# PROBLEM REQUIREMENTS
The copy should hold exactly the lines below from the one that contains "Vintage Appeal: Infuse" through the one that contains "Sebagai penutup rangkaian" and nothing else, so no pictures.

# RECORD EXCERPTS
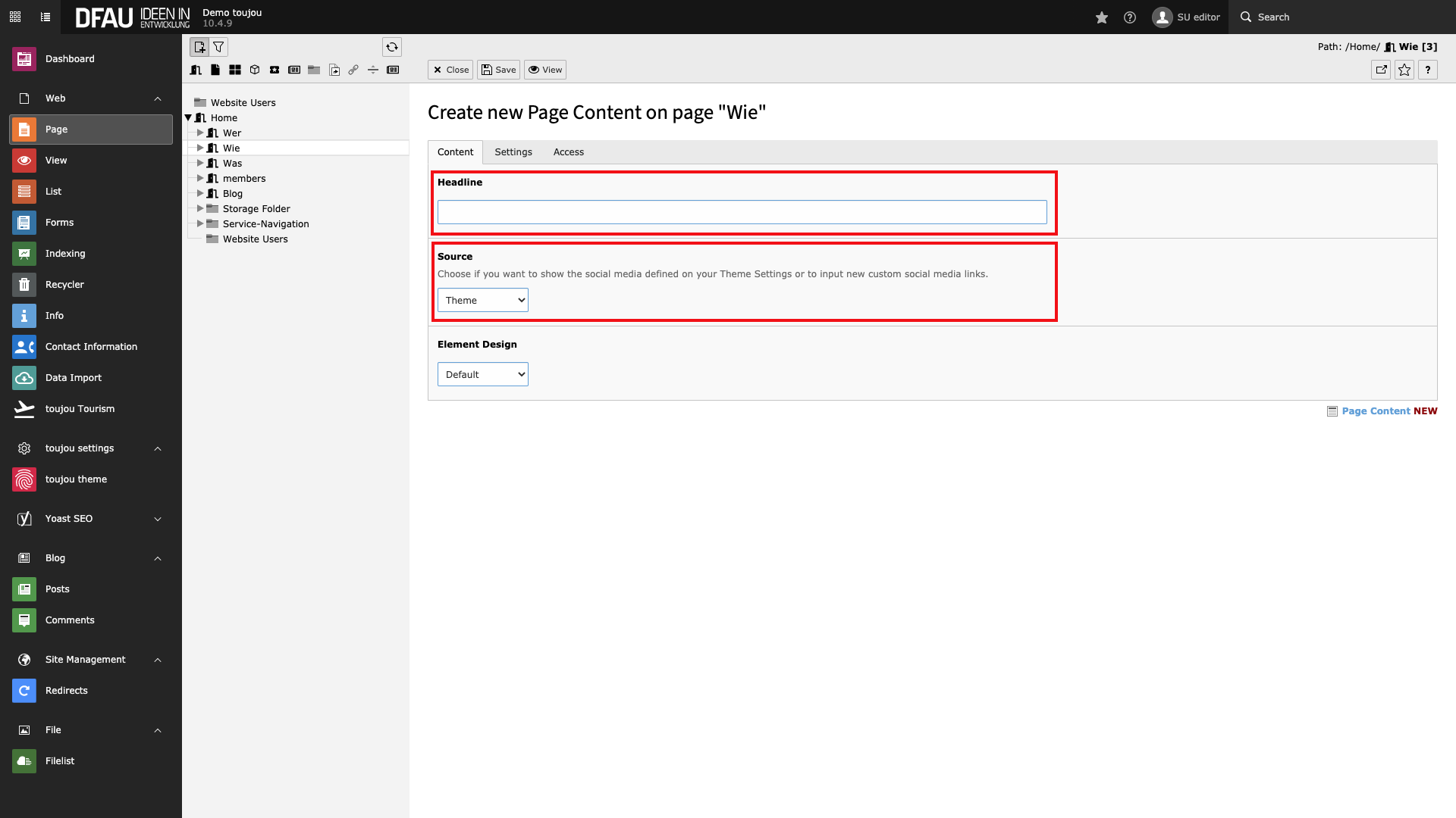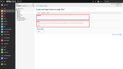 To get a frame around this element, you have to put a headline in the corresponding field. With toujou, the social media bar links your respective profiles to the links set in the toujou setup automatically. If you would like different links to social media, i.e. for a campaign page, you can modify the desired links in the »source« field with the »custom« option.
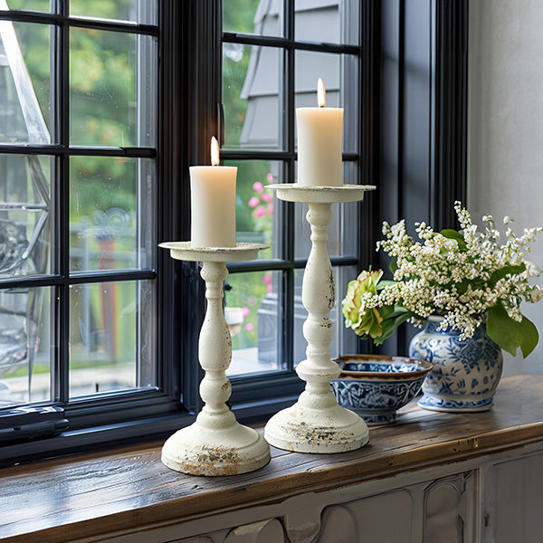 Vintage Appeal: Infuse your space with the allure of yesteryears with these distressed pillar candle holders. The weathered finish exudes vintage charm, adding character to any room.
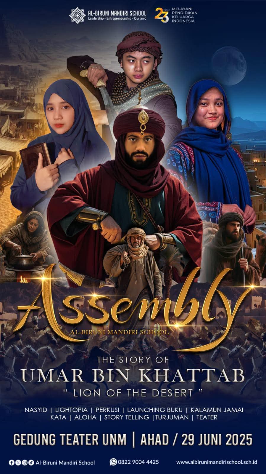 Sebagai penutup rangkaian acara, siswa SMP dan SMA menampilkan drama kolosal berjudul “The Story of Umar bin Khattab – Lion of the Desert”. Pertunjukan ini mengisahkan perjalanan hidup dan kepemimpinan Umar bin Khattab RA sebagai Amirul Mukminin.
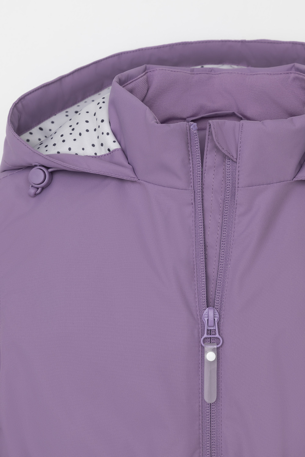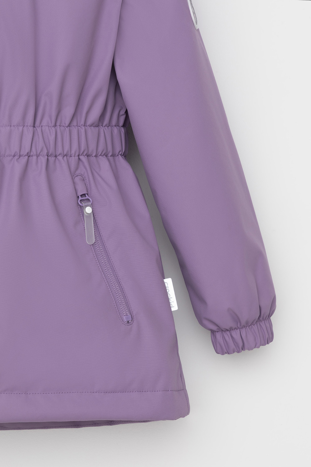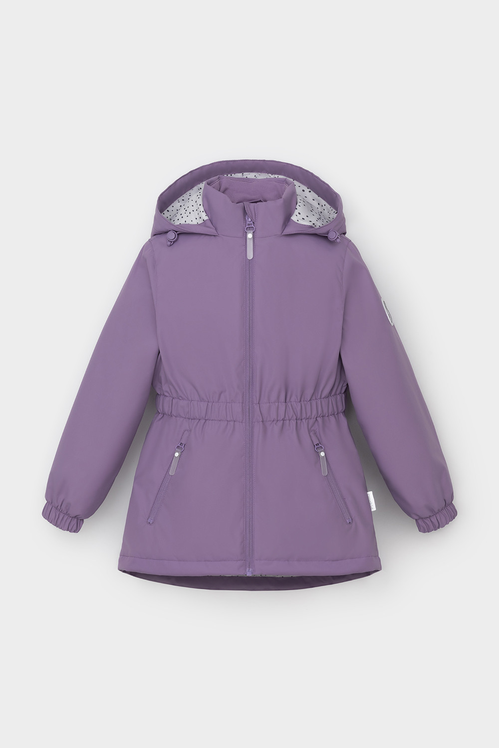 Демисезонная куртка для девочки с утеплителем SEE®: 120 г/м2. Выполнена из мембранной ткани с дополнительной тефлоновой обработкой. Данный вид обработки предохраняет изделие от загрязнения и лучше отводит влагу. Подклад из 100% полиэстера. У изделия предусмотрена защита подбородка. Несъемный капюшон регулируется с помощью эластичной утяжки со стопперами. Низ рукавов и пояс изделия имеют эластичную резинку для лучшего прилегания. По бокам два кармана на молнии. Во всех изделиях верхнего ассортимента для безопасности ребенка предусмотрены светоотражающие элементы.
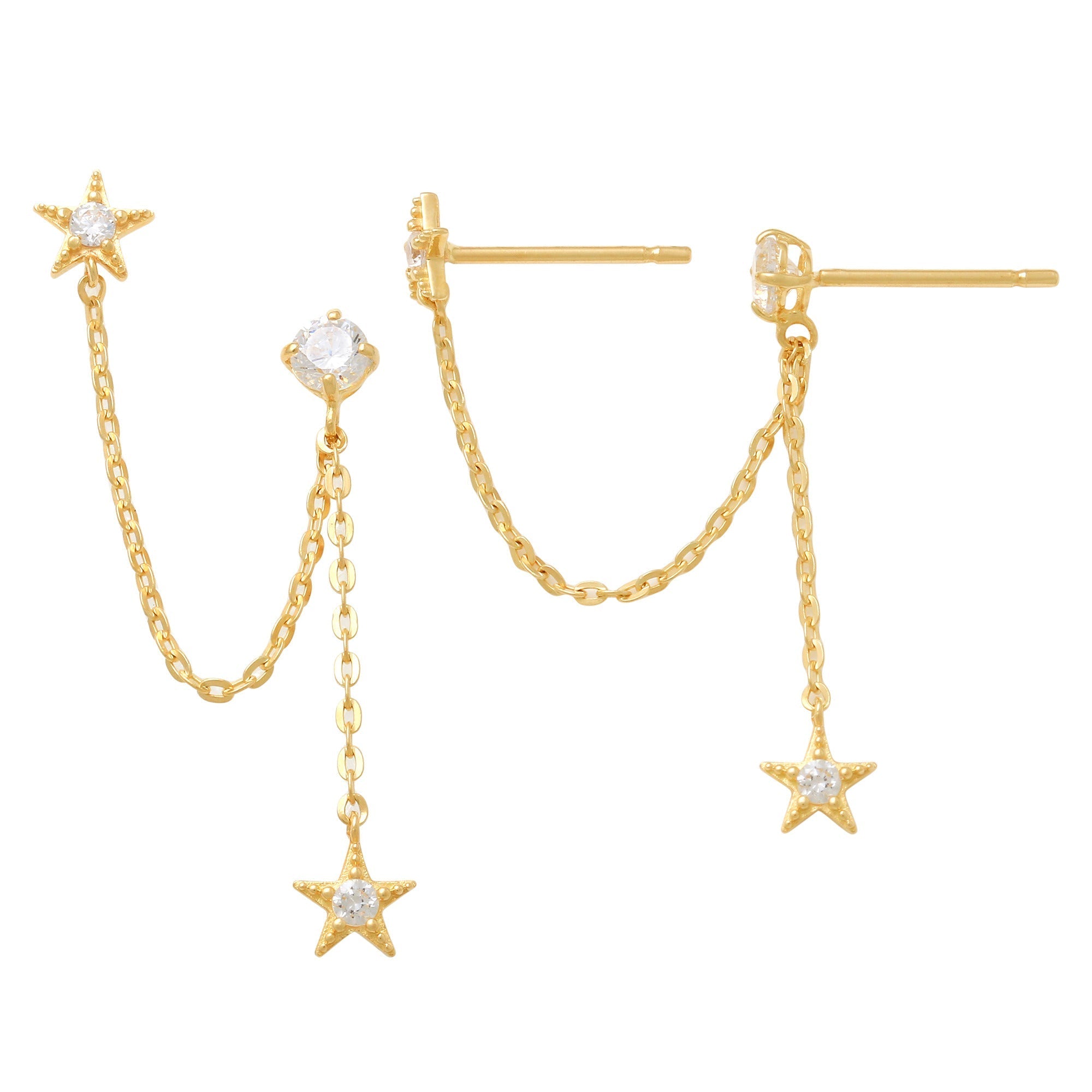 14K Solid Gold Cubic Zirconia Drop Earrings
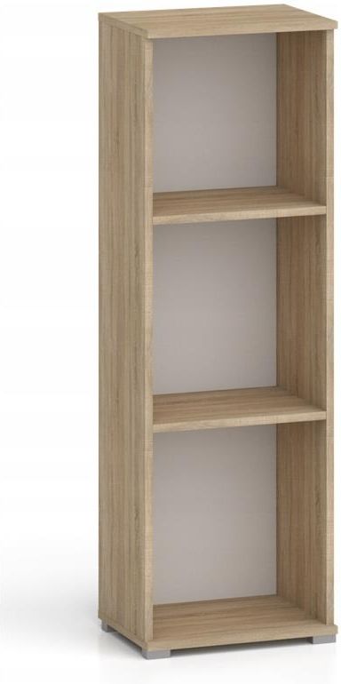 Regał biurowy niski, otwarty, na książki RELIC dąb sonoma 110 x 30 x 40 cm Regały z seriiRELIC to solidnie wykonane stabilne meble przeznaczone do biur i pomieszczeń domowych. Regały dostępne są w czterech modnych wariantach kolorystycznych oraz występują w różnych wersjach wielkościowych z drzwiczkami lub bez. Do wyboru szerokość (30 cm, 40 cm, 60 cm, 80 cm), wysokość (110 cm, 215 cm), głębokość (32 cm, 40 cm). Informacje dodatkowe klasyczne wzornictwo trzy wytrzymałe półki dopasowany do segregatorów biurowych podwyższona trwałość i odporność na uderzenia możliwość montażu bez nóżek korpus w kolorze dąb sonoma Regał do samodzielnego montażu z czytelną instrukcją. Wymiary szerokość 30 cm wysokość 110 cm głębokość 40 cm wysokość półek 33,5 cm Materiał. Korpus wykonano z płyty laminowanej producenta Kronopol o grubości 16 mm w kolorze dąb sonoma. Plecy zrobiono z płyty HDF 3 mm. Obrzeża. Krawędzie płyty są oklejone PCV odpornym na wilgoć i zarysowania.

# WRITTEN REPLY
 Vintage Appeal: Infuse your space with the allure of yesteryears with these distressed pillar candle holders. The weathered finish exudes vintage charm, adding character to any room.
 Sebagai penutup rangkaian acara, siswa SMP dan SMA menampilkan drama kolosal berjudul “The Story of Umar bin Khattab – Lion of the Desert”. Pertunjukan ini mengisahkan perjalanan hidup dan kepemimpinan Umar bin Khattab RA sebagai Amirul Mukminin.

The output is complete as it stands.